(Records from a data collection)
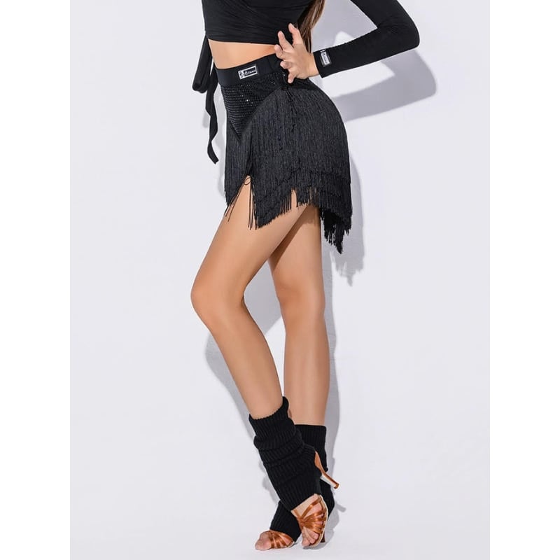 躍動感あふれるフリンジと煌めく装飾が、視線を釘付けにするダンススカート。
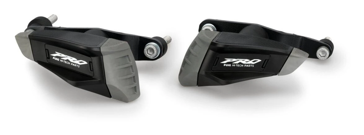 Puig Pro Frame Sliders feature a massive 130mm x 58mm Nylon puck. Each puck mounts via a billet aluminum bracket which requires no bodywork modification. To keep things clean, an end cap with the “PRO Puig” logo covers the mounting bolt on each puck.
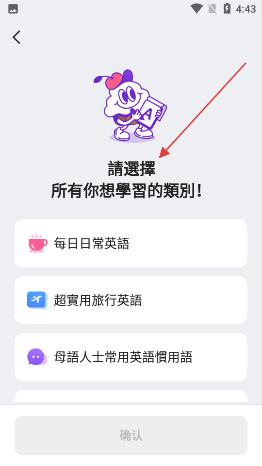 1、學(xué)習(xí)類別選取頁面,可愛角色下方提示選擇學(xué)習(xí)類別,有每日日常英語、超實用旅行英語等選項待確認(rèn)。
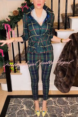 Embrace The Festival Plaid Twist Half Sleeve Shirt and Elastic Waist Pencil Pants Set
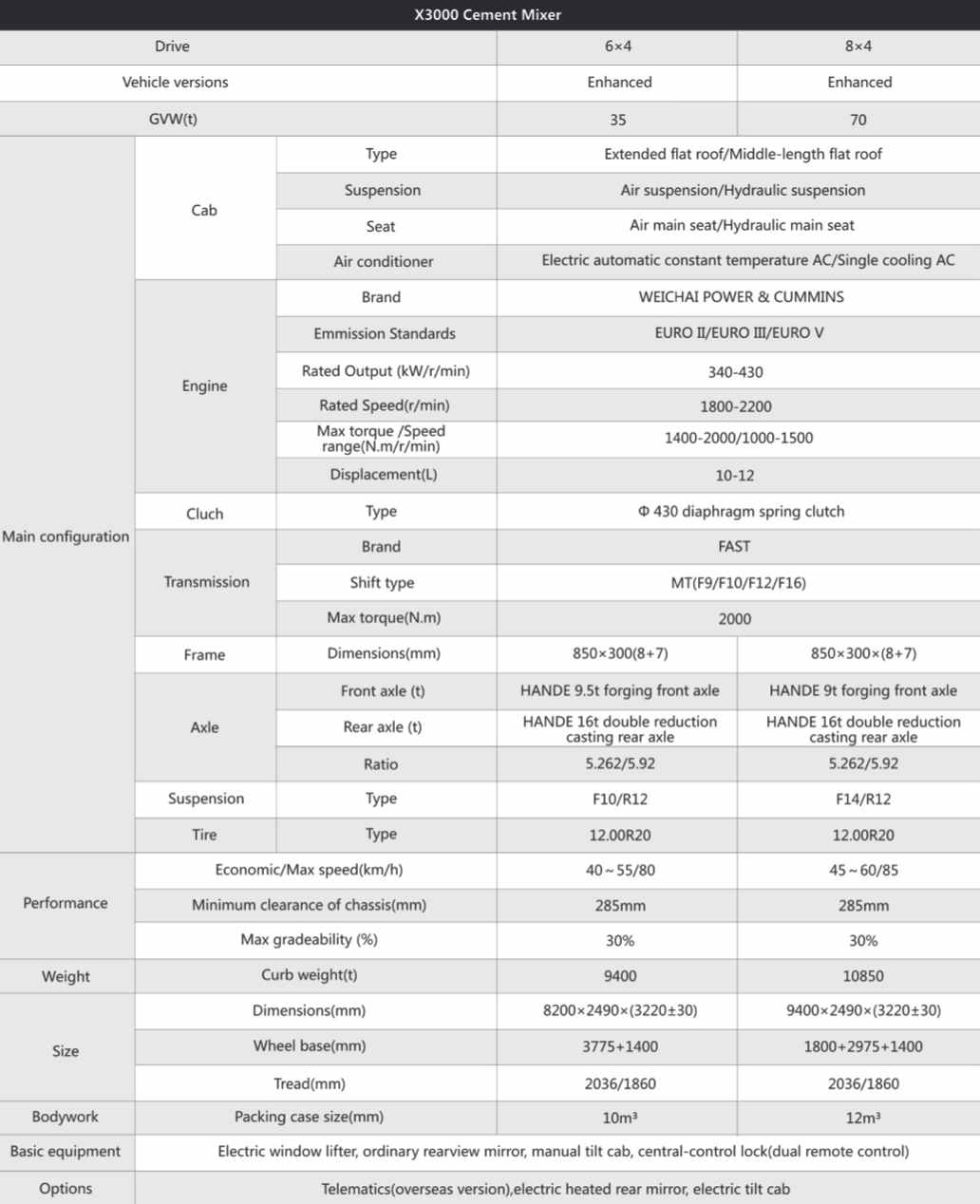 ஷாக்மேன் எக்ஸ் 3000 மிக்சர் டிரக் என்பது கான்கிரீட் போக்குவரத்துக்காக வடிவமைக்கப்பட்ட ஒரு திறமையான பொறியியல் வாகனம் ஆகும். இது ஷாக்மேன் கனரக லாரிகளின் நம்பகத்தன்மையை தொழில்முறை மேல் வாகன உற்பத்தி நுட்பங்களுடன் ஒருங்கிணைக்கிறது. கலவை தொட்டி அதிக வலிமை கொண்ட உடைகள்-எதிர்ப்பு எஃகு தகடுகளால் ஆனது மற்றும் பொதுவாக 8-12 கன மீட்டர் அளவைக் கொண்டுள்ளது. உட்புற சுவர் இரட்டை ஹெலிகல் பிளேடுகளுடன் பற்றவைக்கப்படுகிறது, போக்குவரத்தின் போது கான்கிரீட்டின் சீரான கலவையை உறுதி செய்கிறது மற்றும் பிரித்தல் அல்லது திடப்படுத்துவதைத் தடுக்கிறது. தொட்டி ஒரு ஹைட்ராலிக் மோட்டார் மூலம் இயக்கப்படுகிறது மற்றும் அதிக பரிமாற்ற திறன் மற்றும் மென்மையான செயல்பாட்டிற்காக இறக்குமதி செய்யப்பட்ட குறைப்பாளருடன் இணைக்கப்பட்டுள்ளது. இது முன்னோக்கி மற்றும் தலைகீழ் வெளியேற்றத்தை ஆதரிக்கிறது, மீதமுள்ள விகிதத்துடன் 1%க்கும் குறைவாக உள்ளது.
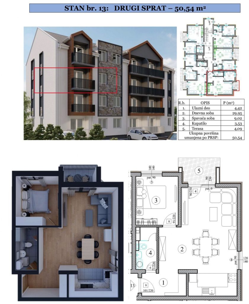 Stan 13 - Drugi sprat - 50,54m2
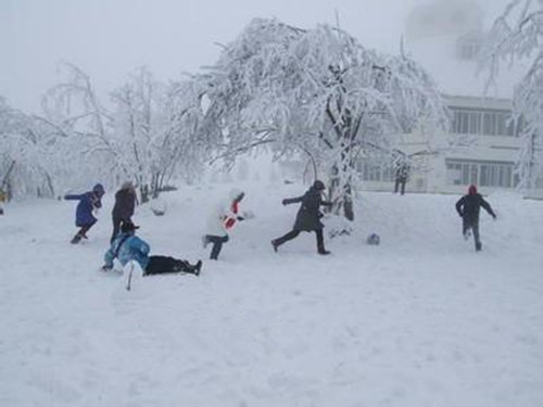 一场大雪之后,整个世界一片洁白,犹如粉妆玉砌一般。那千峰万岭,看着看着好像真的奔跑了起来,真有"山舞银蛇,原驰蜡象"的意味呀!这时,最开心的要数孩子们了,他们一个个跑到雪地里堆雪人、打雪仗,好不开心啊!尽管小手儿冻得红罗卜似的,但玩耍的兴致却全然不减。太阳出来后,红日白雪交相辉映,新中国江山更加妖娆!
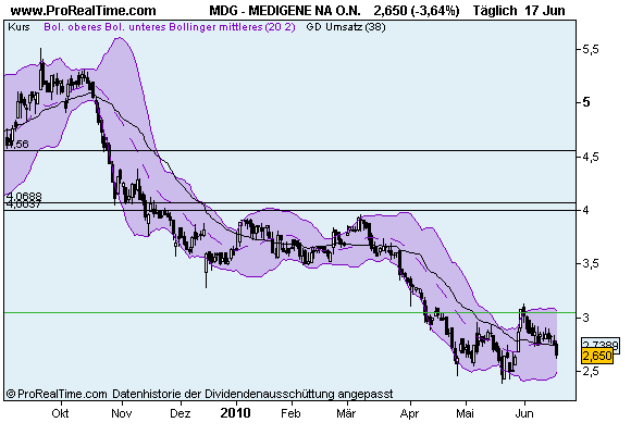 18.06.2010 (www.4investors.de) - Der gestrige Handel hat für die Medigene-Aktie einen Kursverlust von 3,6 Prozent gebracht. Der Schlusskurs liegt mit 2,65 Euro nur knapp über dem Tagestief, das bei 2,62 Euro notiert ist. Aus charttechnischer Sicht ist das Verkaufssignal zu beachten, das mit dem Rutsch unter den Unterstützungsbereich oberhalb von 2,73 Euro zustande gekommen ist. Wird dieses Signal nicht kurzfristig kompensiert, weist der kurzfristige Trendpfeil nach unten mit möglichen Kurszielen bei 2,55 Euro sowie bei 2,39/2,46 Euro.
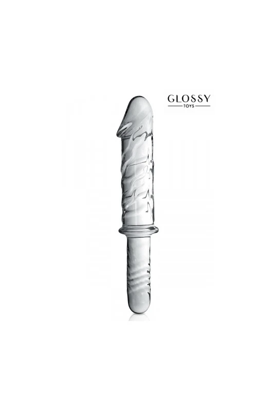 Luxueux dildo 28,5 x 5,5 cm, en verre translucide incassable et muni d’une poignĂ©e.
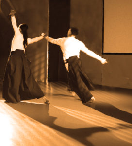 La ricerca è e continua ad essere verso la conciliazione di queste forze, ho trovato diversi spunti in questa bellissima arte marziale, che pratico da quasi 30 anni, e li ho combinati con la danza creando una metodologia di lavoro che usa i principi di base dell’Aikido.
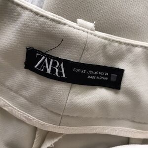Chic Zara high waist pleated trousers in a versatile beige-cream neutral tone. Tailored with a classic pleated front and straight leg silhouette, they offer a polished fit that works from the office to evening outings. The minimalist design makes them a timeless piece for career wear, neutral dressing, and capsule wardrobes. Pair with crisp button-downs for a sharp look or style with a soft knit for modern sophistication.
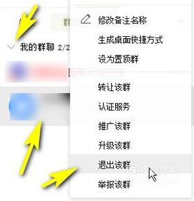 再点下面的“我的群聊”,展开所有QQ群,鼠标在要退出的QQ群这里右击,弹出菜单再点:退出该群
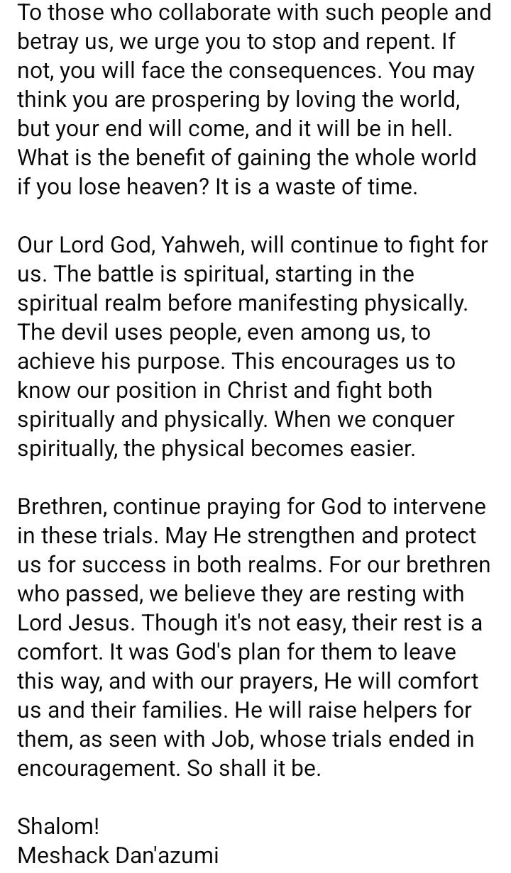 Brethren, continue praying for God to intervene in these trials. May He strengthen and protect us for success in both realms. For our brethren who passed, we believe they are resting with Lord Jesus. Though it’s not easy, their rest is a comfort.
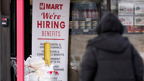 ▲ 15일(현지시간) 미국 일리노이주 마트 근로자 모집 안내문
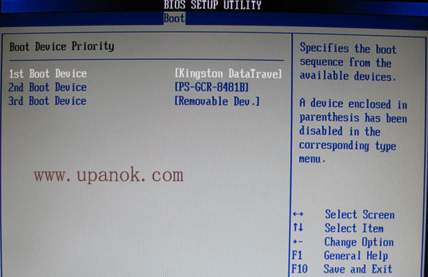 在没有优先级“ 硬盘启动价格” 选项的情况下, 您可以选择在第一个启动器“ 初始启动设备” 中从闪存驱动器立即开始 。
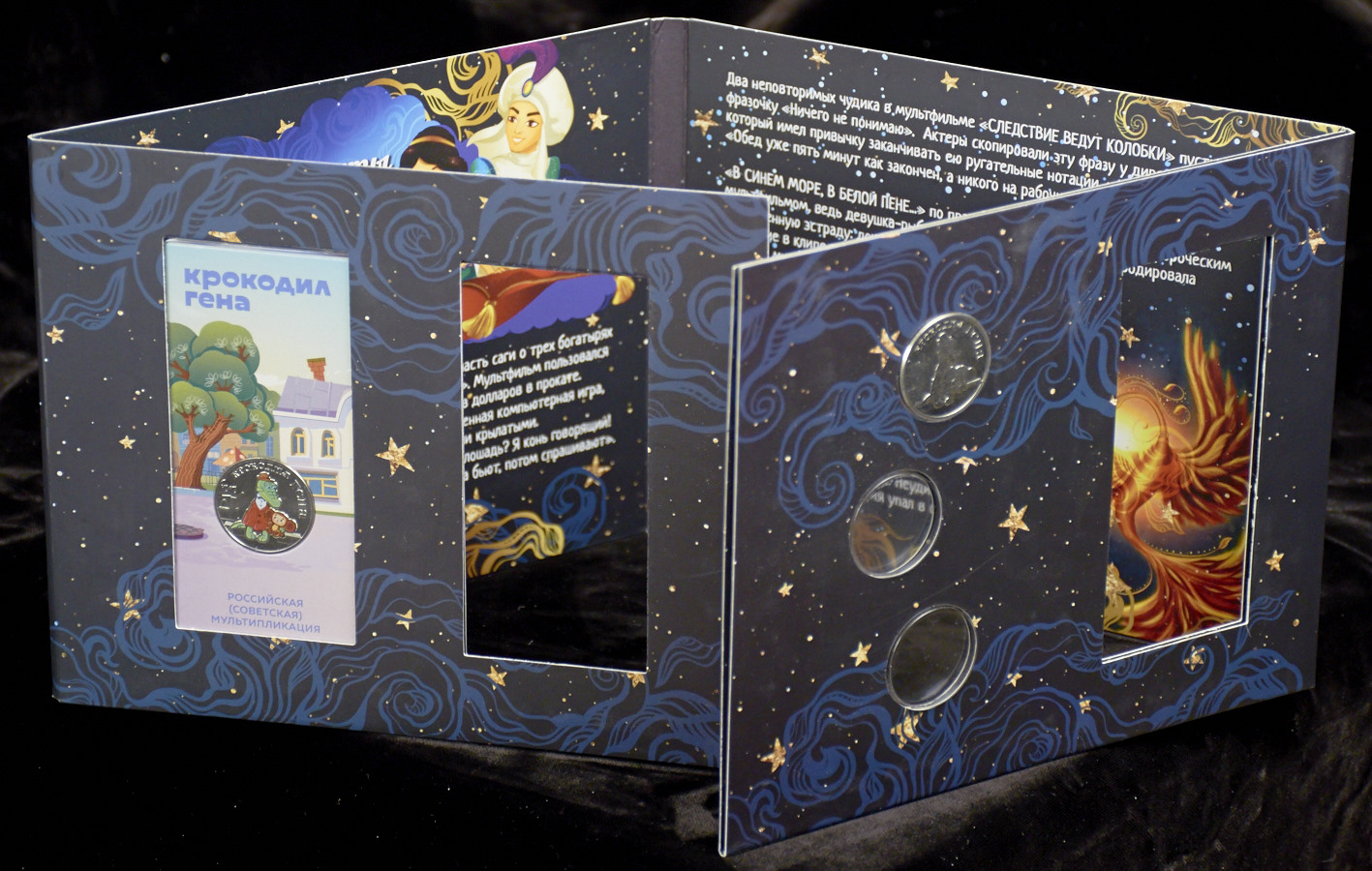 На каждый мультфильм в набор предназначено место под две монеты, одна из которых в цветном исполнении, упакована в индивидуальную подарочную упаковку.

▶ _To do_
Take the entries above and copy exactly the lines starting at the one with "18.06.2010 (www.4investors.de) - Der" and ending at the one with "Luxueux dildo 28,5"; nothing outside that span, and no pictures.

▶ _Response box_
 18.06.2010 (www.4investors.de) - Der gestrige Handel hat für die Medigene-Aktie einen Kursverlust von 3,6 Prozent gebracht. Der Schlusskurs liegt mit 2,65 Euro nur knapp über dem Tagestief, das bei 2,62 Euro notiert ist. Aus charttechnischer Sicht ist das Verkaufssignal zu beachten, das mit dem Rutsch unter den Unterstützungsbereich oberhalb von 2,73 Euro zustande gekommen ist. Wird dieses Signal nicht kurzfristig kompensiert, weist der kurzfristige Trendpfeil nach unten mit möglichen Kurszielen bei 2,55 Euro sowie bei 2,39/2,46 Euro.
 Luxueux dildo 28,5 x 5,5 cm, en verre translucide incassable et muni d’une poignĂ©e.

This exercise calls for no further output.